AGGREGATE COMMITMENT   $ 100,000,000  

1

PRICING SCHEDULE

APPLICABLE MARGIN     LEVEL I
STATUS
    LEVEL
II
    LEVEL
III
    LEVEL
IV
    LEVEL
V
    LEVEL
VI
    LEVEL
VII
   
        STATUS   STATUS   STATUS   STATUS   STATUS   STATUS  

Eurodollar Rate   0.32%   0.525%   0.625%   0.725%   0.90%   1.20%   1.50%  

Floating Rate   0.0%   0.0%   0.0%   0.0%   0.0%   0.0%   0.0%  



APPLICABLE FEE RATE     LEVEL I
STATUS
    LEVEL
II
    LEVEL
III
    LEVEL
IV
    LEVEL
V
    LEVEL
VI
    LEVEL
VII
   
        STATUS   STATUS   STATUS   STATUS   STATUS   STATUS  

Facility Fee   0.08%   0.10%   0.125%   0.15%   0.225%   0.30%   0.50%  

Utilization Fee   0.10%   0.125%   0.125%   0.125%   0.125%   0.25%   0.25%  
(when usage   
exceeds 33 1/3%)    

        For the purposes of this Schedule, the following terms have the following meanings, subject to the final paragraph of this Schedule:

        “Level I Status” exists at any date if, on such date, the Borrower’s Moody’s Rating is A1 or better or the Borrower’s S&P Rating is A+ or better.

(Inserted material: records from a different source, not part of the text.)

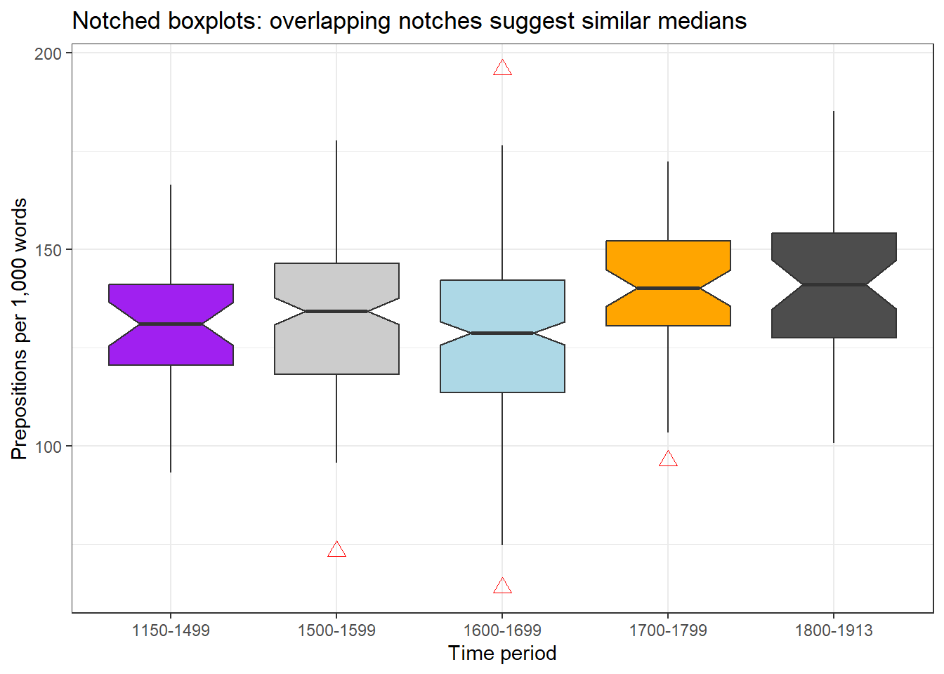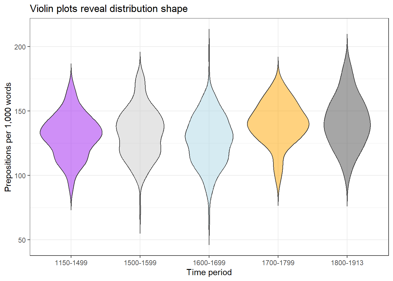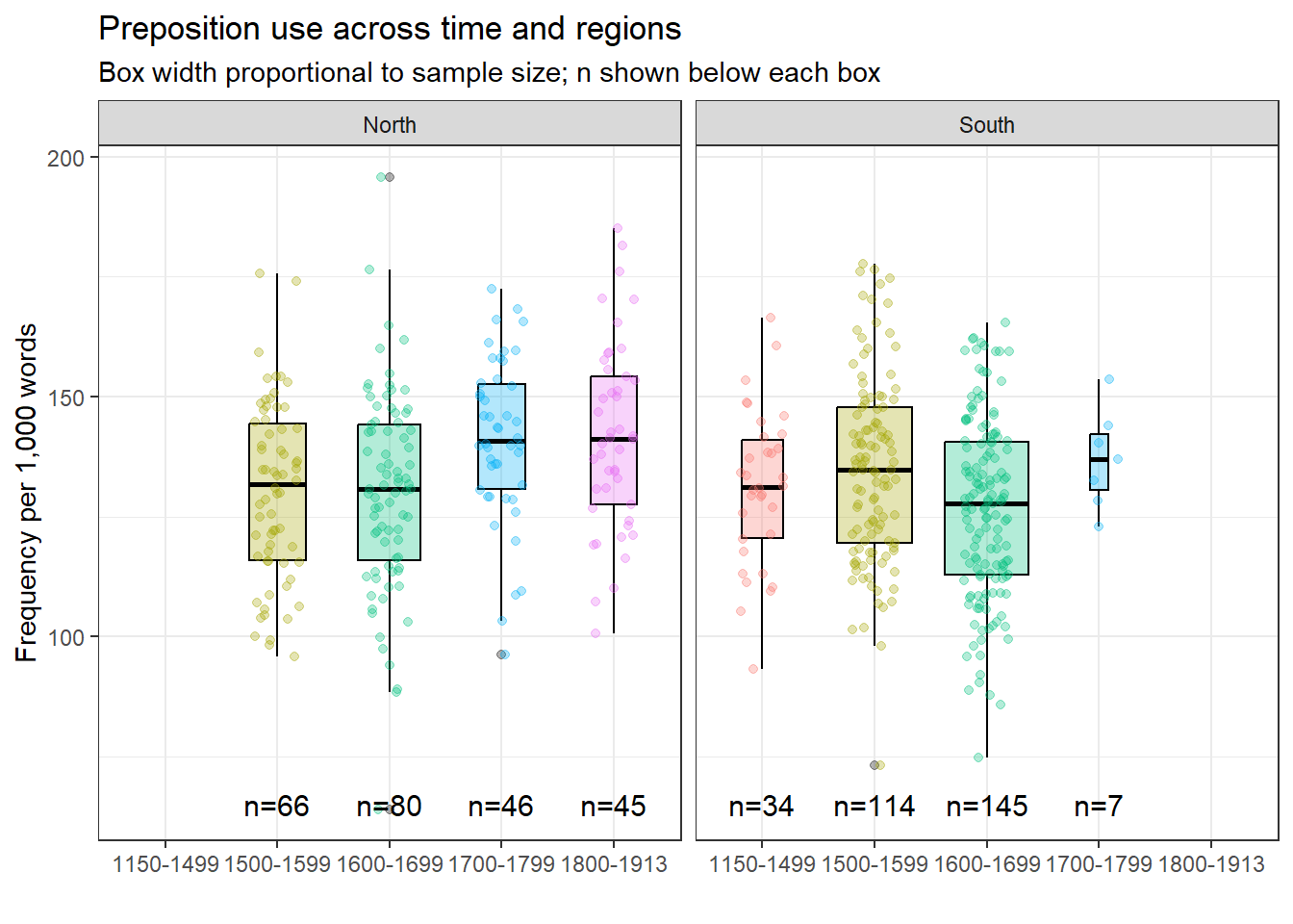 We work throughout this tutorial with a dataset on preposition frequencies in historical English texts from the Penn Parsed Corpora of Historical English (PPCME, PPCEME, PPCMBE). Each row represents one text, and the key variables are described below.
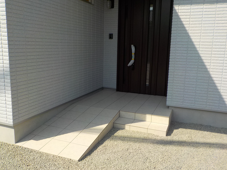 ポーチは、半分を階段に、半分をスロープにと、将来を見据えたバリアフリー設計を採用しています。
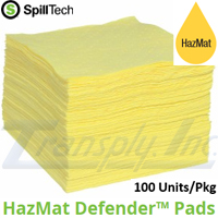 HazMat Defender Pad. Color: Yellow. Composition: Polypropylene. Absorbs: 37.25oz. Per Pad. Economical Choice For Quick Spills of Hazardous or Unknown Liquids. Chemically Compatible w/ Most Liquids. Size: 15"(W)x19"(L). 100 Pads/Package. HeavyWeight.
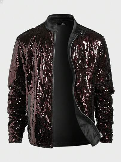Manfinity VCAY Men Zip Up Sequin Jacket Fashionable Daily - Red - View 1
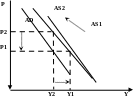 Реальный объем производства снижается с Y1 до Y2, а уровень цен растет с Р1 до Р2. Одновременно наблюдается и снижение объема производства, рост безработицы и рост цен. Сдвиг влево кривой совокупного предложения под воздействием шоков приводит к сдвигу кривой Филлипса вверх. Такой взгляд предполагает наклонную форму кривой Филлипса и объясняет стагфляцию сдвигами этой кривой.
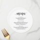 Modern Rustic Black and White, Round Plate shapes, Wedding elopement Dinner Menu. A perfect bar menu for your big day. You can change the script font colours and change the menu contents and fonts to meet your needs.
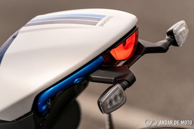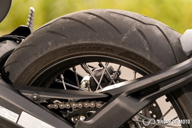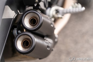 A partir da 4000 rpm os pouco mais de 70 cv deste 803 cc sentem-se fortes e os pulmões cheios de ar. Cada rodar de acelerador, bem doseado, transforma-se em imensa diversão, ao mesmo tempo que o pneu traseiro 180 Pirelli Diablo Rosso III garante uma boa tração à saída das curvas mais lentas.
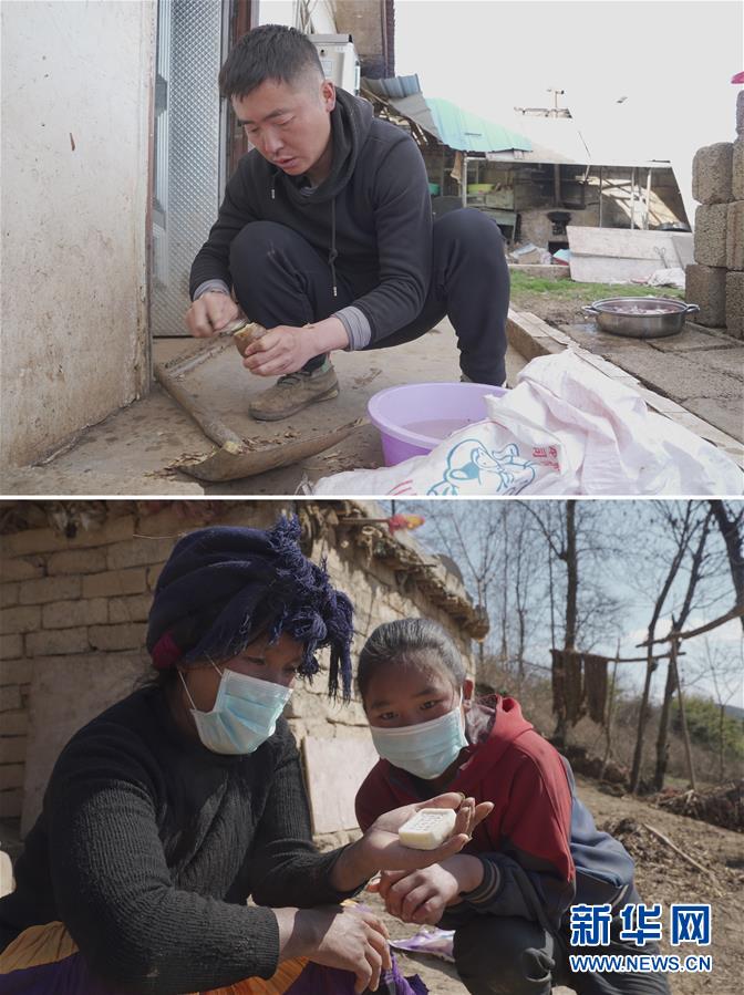 拼版照片上圖:在四川省涼山彝族自治州美姑縣瓦古鄉(xiāng),彭?xiàng)钤谙魍炼蛊?,?zhǔn)備制作土豆手工皂(3月10日,新華社記者吳光于攝);下圖:在瓦古鄉(xiāng),15歲的沙馬也曲(右)和她的媽媽拿到了彭?xiàng)钪谱鞯耐炼故止ぴ恚?月10日,新華社記者薛晨攝)。四川省涼山彝族自治州美姑縣瓦古鄉(xiāng)扶貧干部彭?xiàng)钏诘墓庞X(jué)村距鄉(xiāng)政府20公里,是美姑縣80個(gè)尚未脫貧村之一。他深知養(yǎng)成好的生活習(xí)慣,對(duì)當(dāng)?shù)孛撠氈陵P(guān)重要,所以他不僅督促老百姓疊被子、整理房間,幫當(dāng)?shù)氐暮⒆觽兿搭^、洗澡,還在疫情期間自制土豆手工皂分發(fā)給村民。彭?xiàng)钫f(shuō),疫情后準(zhǔn)備發(fā)動(dòng)留守婦女生產(chǎn)手工皂,計(jì)劃在1年內(nèi)建成一個(gè)吸納瓦古鄉(xiāng)4個(gè)村村民的手工皂合作社。黨的十八大以來(lái),我們堅(jiān)持以人民為中心的發(fā)展思想,明確了到2020年我國(guó)現(xiàn)行標(biāo)準(zhǔn)下農(nóng)村貧困人口實(shí)現(xiàn)脫貧、貧困縣全部摘帽、解決區(qū)域性整體貧困的目標(biāo)任務(wù)。目前看,脫貧進(jìn)度符合預(yù)期,成就舉世矚目。這些成績(jī)的取得,凝聚了全黨全國(guó)各族人民智慧和心血,是廣大干部群眾扎扎實(shí)實(shí)干出來(lái)的。脫貧摘帽不是終點(diǎn),而是新生活、新奮斗的起點(diǎn)。新華社發(fā)
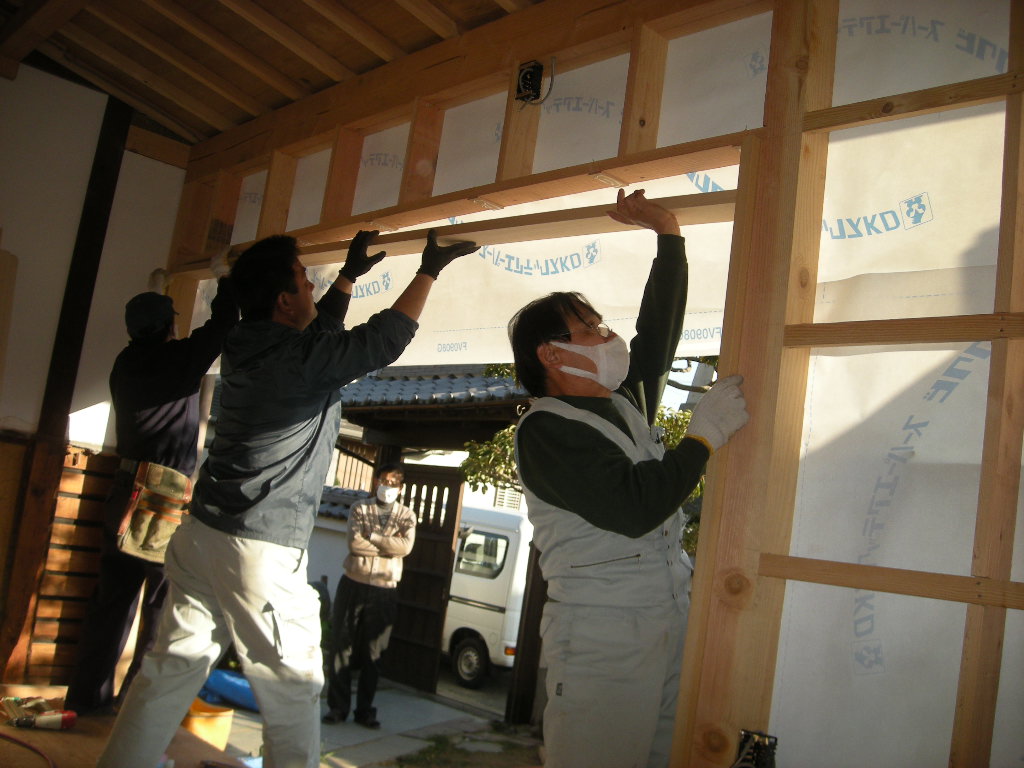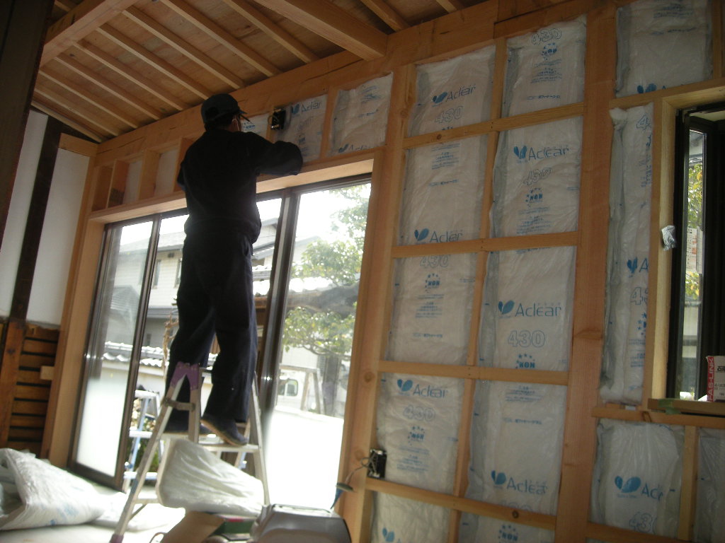 増築した広縁の壁廻りにも断熱材を施工して行きます!!
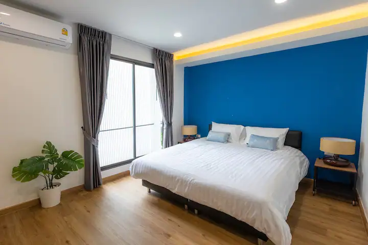 Located just a 5-minute walk from the BTS Skytrain, this villa is situated in a residential area close to famous department stores, restaurants, and street food markets. Plus, if you need a ride to and from the airport, the owner can arrange a rental van for you. With free Wi-Fi, luggage storage, and essential amenities, this private pool villa is the ultimate choice for a luxurious stay in Bangkok.
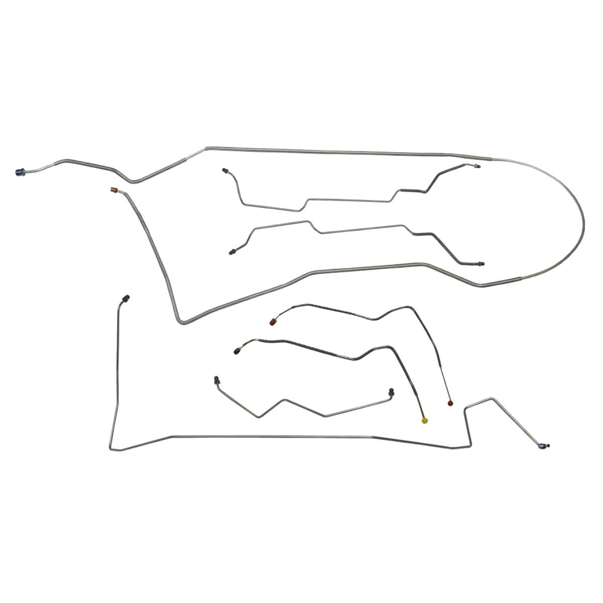 This preformed complete brake line kit will replace all the metal brake lines on your vehicle and includes the master cylinder lines, left front line and right front crossover line, intermediate lines, and rear axle lines/trailing arm lines.
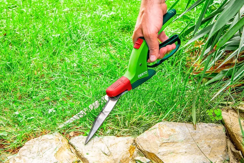 Profesjonalne nożyce firmy Verto o całkowitej długości 340 mm posiadają ostrze długości 130 mm. Narzędzie to znajduje swoje zastosowanie podczas pielęgnacji oraz przycinania trawnika w trudno dostępnych miejscach oraz na jego obrzeżach. Dodatkowo narzędzie idealnie sprawdzi się przy podcinaniu łodyg lub gałęzi o małej średnicy. Wielopozycyjne nożyce posiadają możliwość obrotu w zakresie 360°. Taka konstrukcja ułatwia pracę oraz pozwala na uzyskanie perfekcyjnych rezultatów w krótkim czasie. Ostrze pokryte jest warstwą PTFE, zapobiegającą ich korozji oraz umożliwiającą cięcie mokrych łodyg, bez obawy o uszkodzenie narzędzia.

        “Level II Status” exists at any date if, on such date, (i) the Borrower has not qualified for Level I Status and (ii) the Borrower’s Moody’s Rating is A2 or better or the Borrower’s S&P Rating is A or better.

        “Level III Status” exists at any date if, on such date, (i) the Borrower has not qualified for Level I Status or Level II Status and (ii) the Borrower’s Moody’s Rating is A3 or better or the Borrower’s S&P Rating is A- or better.

        “Level IV Status” exists at any date if, on such date, (i) the Borrower has not qualified for Level I Status, Level II Status or Level III Status and (ii) the Borrower’s Moody’s Rating is Baa1 or better or the Borrower’s S&P Rating is BBB+ or better.

        “Level V Status” exists at any date if, on such date, (i) the Borrower has not qualified for Level I Status, Level II Status, Level III Status or Level IV Status and (ii) the Borrower’s Moody’s Rating is Baa2 or better or the Borrower’s S&P Rating is BBB or better.

        “Level VI Status” exists at any date if, on such date, (i) the Borrower has not qualified for Level I Status, Level II Status, Level III Status, Level IV Status or Level V Status and (ii) the Borrower’s Moody’s Rating is Baa3 or better or the Borrower’s S&P Rating is BBB- or better.

        “Level VII Status” exists at any date if, on such date, the Borrower has not qualified for Level I Status, Level II Status, Level III Status, Level IV Status, Level V Status or Level VI Status.

1

        “Moody’s Rating” means, at any time, the rating issued by Moody’s and then in effect with respect to the Borrower’s senior unsecured long-term debt securities without third-party credit enhancement.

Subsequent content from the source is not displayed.